There were a couple of reasons for this. First, Riza had made a bold selection with the youth and pace of Will Alvez, Cian Ashford and Isaak Davies presenting Wednesday with problems they were struggling to cope with. Behind them, Calum Chambers and Sivert Mannsverk were outplaying their counterparts with Cardiff players winning battles for second balls all over the park and at the back, the youthful centrebacks Will Fish and Joel Bagan were in control.

The second reason for Cardiff being in the ascendancy was that the highly regarded Rohl had got his selection totally wrong, as he conceded himself by making those three half time substitutions.

For a club that could still make the Play Offs, Wednesday were just not at the races in the first forty five minutes and City were worth more than their 1-0 lead. 

I wasn’t expecting as many as three changes from Rohl at half time, but I could certainly see him making one or two and I’m certain I wasn’t alone in thinking that. Omer Riza must surely have expected his rival manager to shake up his tactics or personnel and that probably it would be both of them he’d alter.

I’m doing something now that I don’t do normally in my reaction pieces and that’s give a link to our manager’s post game comments.

The first thing I want to say about the linked story is that I can understand why Riza didn’t make changes to his team at half time – they were playing well and they deserved the chance to continue the good work. However, what I feel fans will be annoyed at is the fact that Wednesday’s equaliser was scored in the sixty first minute and it felt like it had been coming for at least five minutes before it arrived. Riza correctly identifies the introduction of Shea Charles as the main reason for the change in the balance of the game and also mentions that Wednesday now had two in an area where previously they’d had one, but he did nothing about it – or, at least, he reacted too slowly to the changed circumstances.
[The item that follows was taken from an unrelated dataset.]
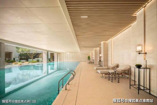 比如恒温泳池,与下沉式庭院只隔了一面大玻璃,看出去就是庭院里的水景。这样的恒温泳池已经不是豪宅的专属了,单价三四万的璟逸,也可以拥有。

With a three behind Yousef Salech who were very much attack minded, Wednesday’s extra midfield numbers gave Mannsverk and Chambers a bigger workload than they could cope with, but, even when our manager decided to make changes, you had to question them. 

Mannsverk would not have been at the top of my list of players to be withdrawn – David Turnbull for him was like for like and the damage had already been done by the time the Scot came on I suppose because it was now 1-1, but I would have far preferred Alvez, withdrawn at the same time as Mannsverk, to be the man Turnbull replaced as this would have shored up the middle of the park while giving us the option of having Turnbull push forward if need be.

Mystifyingly, it was Anwar El Ghazi who came on for Alvez. This sounds brutal, but, although there have been occasional flickers from the Dutch international, we’re now going into the final month of the season and he’s done barely anything yet to justify his one year contract – nothing happened today to change that view either.

Ollie Tanner came on, for Davies, after more than two months out injured, but was switched to right back soon after, where he struggled. However, at least that seemingly baffling decision was explained afterwards. The final changes saw Yakou Meite on for Salech and Rubin Colwill for cramp victim Ng.

To get back to the game itself. For all that Davies, Alvez and Ashford (why on earth has he featured so little in recent weeks?) excited to again demonstrate that, in some aspects of the game, we’re better than a relegation team (sadly, we’re clearly a bottom three team in others) there weren’t many opportunities to turn City’s first half domination into goals.

The one we did get came when Alvez drove in from the left, picked out Davies moving in from the opposite flank and he finished cleverly just inside the post from the edge of the penalty area with his left foot – making it look like the Wednesday keeper and defence had been ‘given the eyes” in the process.

This takes me on to set pieces, corners in particular. We had nine of them today to Wednesday’s one and it’s a measure of how ineffective we’ve been from them that Callum O’Dowda today became the latest in a long line of City players to be given the responsibility of taking them.

To be fair to the City captain, he took some bad ones, took some good ones (two of which maybe should have been headed in by Salech, who was also just wide with a very good second half header), but I’d say a majority of them were, more or less, over before they began as City were penalised for a foul.

Now maybe there might have been an error or two made by referee Sam Allison who fell some way short of the standard I’d seen from him previously today, but this happens week after week with this team and one of the reasons for our lower set piece goal rate this season must be that we’re always fouling the opposition (must of them are fouls as well) – doesn’t this get noticed by the analytical and coaching staff and why isn’t something being done about it?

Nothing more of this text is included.